* Aim of the exercise *
Could you restate the whole listing below word for word, minus the pictures?

* Data provided *
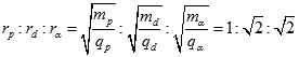 C.运动半径之比rp∶rd∶rα=1∶1∶2
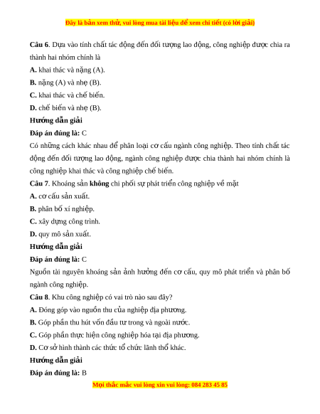 Đây là bản xem th , vu ử i lòng mua tài li u ệ đ xe ể m chi ti t (c ế ó l i ờ gi i ả ) Câu 6. D a ự vào tính ch t ấ tác đ ng ộ đ n ế đ i ố tư ng ợ lao đ ng, ộ công nghi p ệ đư c ợ chia ra thành hai nhóm chính là
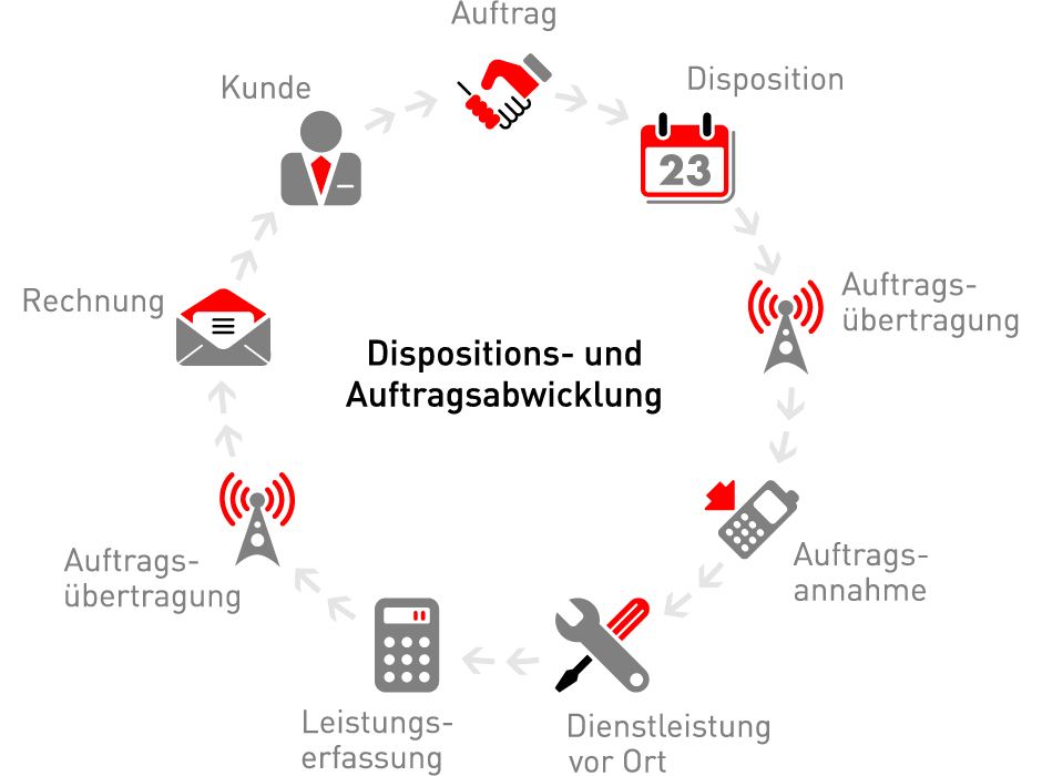 Durch die maximale Integration von Innen- und Aussendienst werden Aufträge schneller, effizienter und in hoher Qualität abgewickelt. Dieses prozessorientierte Arbeiten von der Auftragsannahme bis zur Verrechnung an den Kunden schafft entscheidende Wettbewerbsvorteile und Transparenz in jeder Phase der Auftragsabwicklung. Die Servicequalität, und dadurch die Kundenzufriedenheit, werden gesteigert.

* Expected answer *
 C.运动半径之比rp∶rd∶rα=1∶1∶2
 Đây là bản xem th , vu ử i lòng mua tài li u ệ đ xe ể m chi ti t (c ế ó l i ờ gi i ả ) Câu 6. D a ự vào tính ch t ấ tác đ ng ộ đ n ế đ i ố tư ng ợ lao đ ng, ộ công nghi p ệ đư c ợ chia ra thành hai nhóm chính là
 Durch die maximale Integration von Innen- und Aussendienst werden Aufträge schneller, effizienter und in hoher Qualität abgewickelt. Dieses prozessorientierte Arbeiten von der Auftragsannahme bis zur Verrechnung an den Kunden schafft entscheidende Wettbewerbsvorteile und Transparenz in jeder Phase der Auftragsabwicklung. Die Servicequalität, und dadurch die Kundenzufriedenheit, werden gesteigert.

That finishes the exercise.